Has it solved the illegal drug problem? Even Duterte administration could not claim that it is close to breaking the illegal drug trade and use.
On curbing corruption
President Duterte has been dismissing government officials, even those who supported him during the campaign for the presidency, whom he has accused of corruption, wasting people’s money, and/or extravagance.
He admitted that he could not monitor corrupt activities of government officials and employees up to the lowest ranks of government but he said he would not tolerate corruption from among his appointees at the Cabinet, Undersecretary, and Assistant Secretary levels. Recently, he ordered the dismissal of commissioners of the Energy Regulatory Commission and the Urban Poor Commission.
However, the 2017 and approved 2018 budgets reveal that still, the corrupt pork barrel system is still in place.
On the peace talks
President Duterte has declared that the enactment of the Bangsamoro Basic Law (BBL) is a top priority because it is essential for peace in Mindanao. In late November, President Duterte has even announced that he is contemplating on calling for a special session of Congress specifically to fast-track the passage into law of the BBL. However, in a speech, December 19, he expressed his opinion that it would be difficult to hurdle the “constitutional barriers” to the BBL.
The peace talks with the National Democratic Front of the Philippines have been blowing hot and cold. At the start of the Duterte administration, it appeared as if the substantial peace agreements would be signed in a year’s time. But recently, President Duterte has designated the Communist Party of the Philippines (CPP) and the New People’s Army (NPA) as terrorist organizations. He threatened to run after not only the CPP and NPA but also what he branded as “front organizations.” President Duterte also declared that there would be no Christmas ceasefire, only to backtrack days later and declared the suspension of military operations, calling on the CPP and the NPA to do the same.
President Duterte declared a Mindanao-wide martial law when the Marawi fighting broke out.
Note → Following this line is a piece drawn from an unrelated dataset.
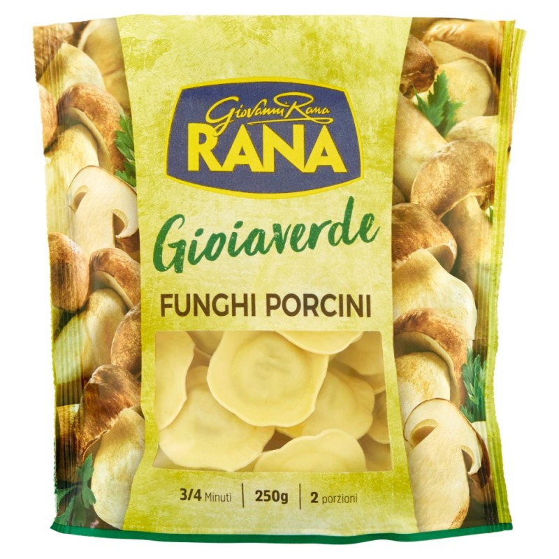 Ripieno 52%: funghi porcini 15% (Boletus edulis e relativo gruppo), pangrattato (farina di grano tenero, acqua, sale, lievito), fibre vegetali, formaggio mozzarella, funghi champignon 8% (Agaricus bisporus), ricotta (siero di latte, latte, sale), amidi, olio di girasole, cipolla, formaggio mascarpone, siero di latte in polvere, vino bianco, aromi naturali (contengono latte, frumento, orzo), sale, prezzemolo, lattosio, aglio in polvere, latte scremato in polvere, pepe nero, Pasta 48%: farina di grano tenero, uova 30%, semola di grano duro, Prodotto in uno stabilimento che utilizza anche frutta a guscio, pesce, crostacei, molluschi e sedano

Now, he has extended it, with the approval of Congress, this time to intensify military operations against the NPA.
On an independent foreign policy
During his campaign and at the start of the administration, President Duterte has declared an independent foreign policy, specifically telling the US that he would cut ties with it and that he had been contemplating on putting a stop to the Balikatan joint military exercises and sending US troops stationed in the country home. He also warmed up to Russia and China.
However, when the fighting in Marawi broke out, President Duterte allowed US troops to play an active part in the military operations. He has met with and warmed up to controversial US President Donald Trump. While opening up with the Russian and Chinese governments, President Duterte has now maintained the traditional relations of the Philippine and US governments.
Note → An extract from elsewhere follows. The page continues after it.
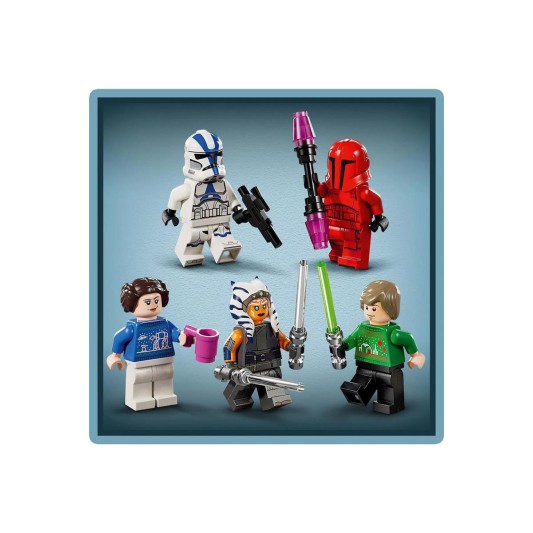 ·İkisi de yılbaşı kıyafetli Prenses Leia ile Luke Skywalker ve Ahsoka Tano dahil 5 LEGO Star Wars koleksiyonluk minifigürünün yanı sıra bir Süper Savaş Droidi LEGO figürü bulacaksınız

On concern for the plight of the poor
President Duterte has once railed against the long queues that ordinary Filipinos, especially those wanting to land jobs abroad, have to hurdle to get a passport. Thus, he called for the extension of the validity not only of passports but driver’s licenses as well. Longer-validity passports and driver’s license are gradually being issued.
When urban poor residents affiliated with Kadamay occupied idle low-cost housing units for soldiers and policemen, President Duterte allowed these units to be awarded to the urban poor, promising to build better housing units for soldiers and policemen and warning Kadamay against doing another occupation of government housing units.
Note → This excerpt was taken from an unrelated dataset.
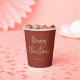 These simple and stylish holiday paper cups say "Merry Christmas" in modern, casual faux gold script typography on a festive red background.

President Duterte also warned jeepney drivers, especially those affiliated with PISTON that he would run after them after the latter conducted nationwide strikes against the jeepney modernization program, which would phase out old jeepneys, require drivers and operators to replace these with higher-priced hybrid jeepneys and limit franchises to those who could afford fleets of jeepneys.
Recently, President Duterte signed a tax reform package that increased income tax exemptions but would result in higher prices as the value-added tax on fuel and other goods as well as excise taxes on oil, sweetened drinks, automobiles, among others would increase.
So are the winds of change finally forthcoming if we are to look at the policy directions of the Duterte administration?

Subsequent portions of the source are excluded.